You are the King of Byteland. Your agents have just intercepted a batch of encrypted enemy messages concerning the date of the planned attack on your island. You immedietaly send for the Bytelandian Cryptographer, but he is currently busy eating popcorn and claims that he may only decrypt the most important part of the text (since the rest would be a waste of his time). You decide to select the fragment of the text which the enemy has strongly emphasised, evidently regarding it as the most important.
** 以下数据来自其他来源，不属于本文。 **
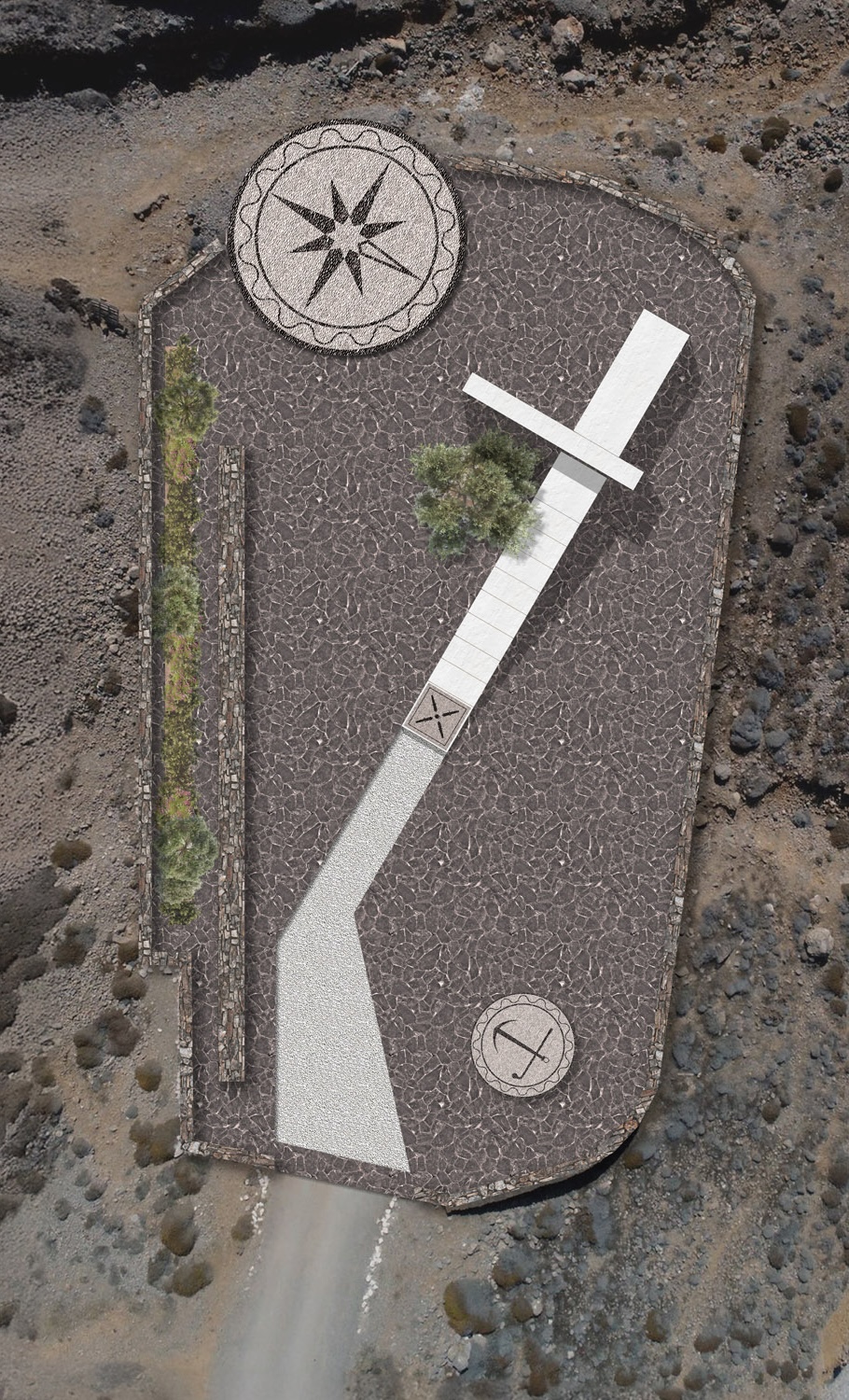 Η σημειολογική αρχιτεκτονική, ως μέσο αφήγησης, κάθαρσης και αναστοχασμού, στήνει ένα χωρικό μύθο που οδηγεί τον επισκέπτη σε μια μυστηριακή πορεία προς τη μεταμόρφωση και την ενατένιση του αύριο - με πυξίδα το χτες.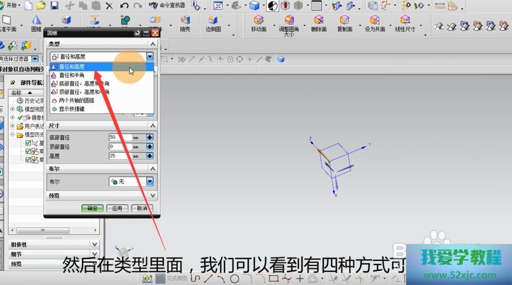 然后正在类型内里咱们可能看到有4种办法可能创修圆锥,咱们拣选第1种,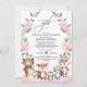 This super pretty woodland-themed baby shower invitation features adorable forest animals and soft pink floral greenery wreath. Use the design tools to edit the text, change font colour and style to create a unique one of a kind invitation design.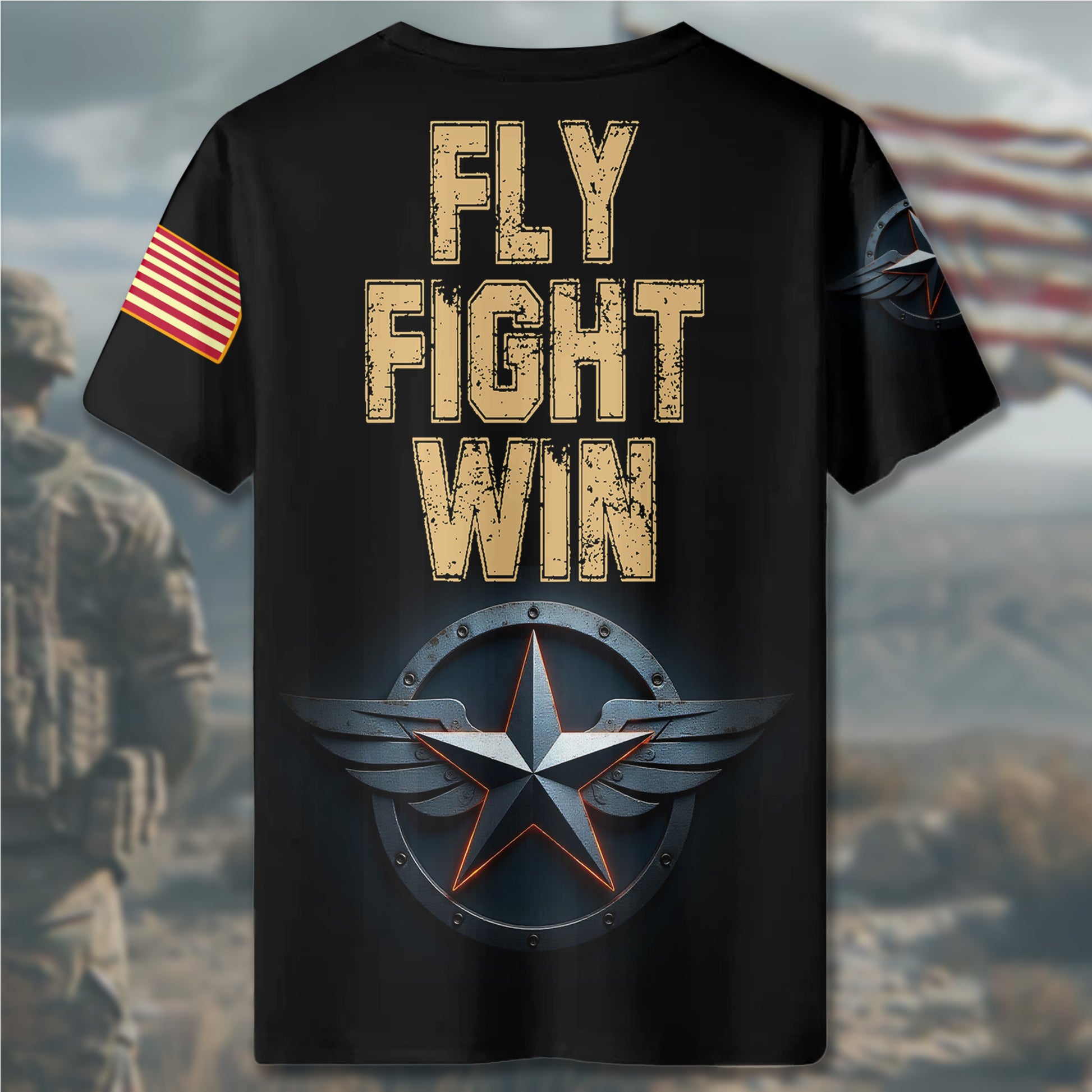 Honor service and celebrate pride in this bold all-over print t-shirt made for everyday wear. Designed for veterans, supporters, and anyone who wears their values with pride.

So, you are looking for a fragment of text which appears in all the messages disjointly at least twice. Since you are not overfond of the cryptographer, try to make this fragment as long as possible.

Input

The first line of input contains a single positive integer t<=10, the number of test cases. t test cases follow. Each test case begins with integer n (n<=10), the number of messages. The next n lines contain the messages, consisting only of between 2 and 10000 characters 'a'-'z', possibly with some additional trailing white space which should be ignored.

Output

For each test case output the length of longest string which appears disjointly at least twice in all of the messages.

Example

Input:
1
4
abbabba
dabddkababa
bacaba
baba

Output:
2

(in the example above, the longest substring which fulfills the requirements is 'ba')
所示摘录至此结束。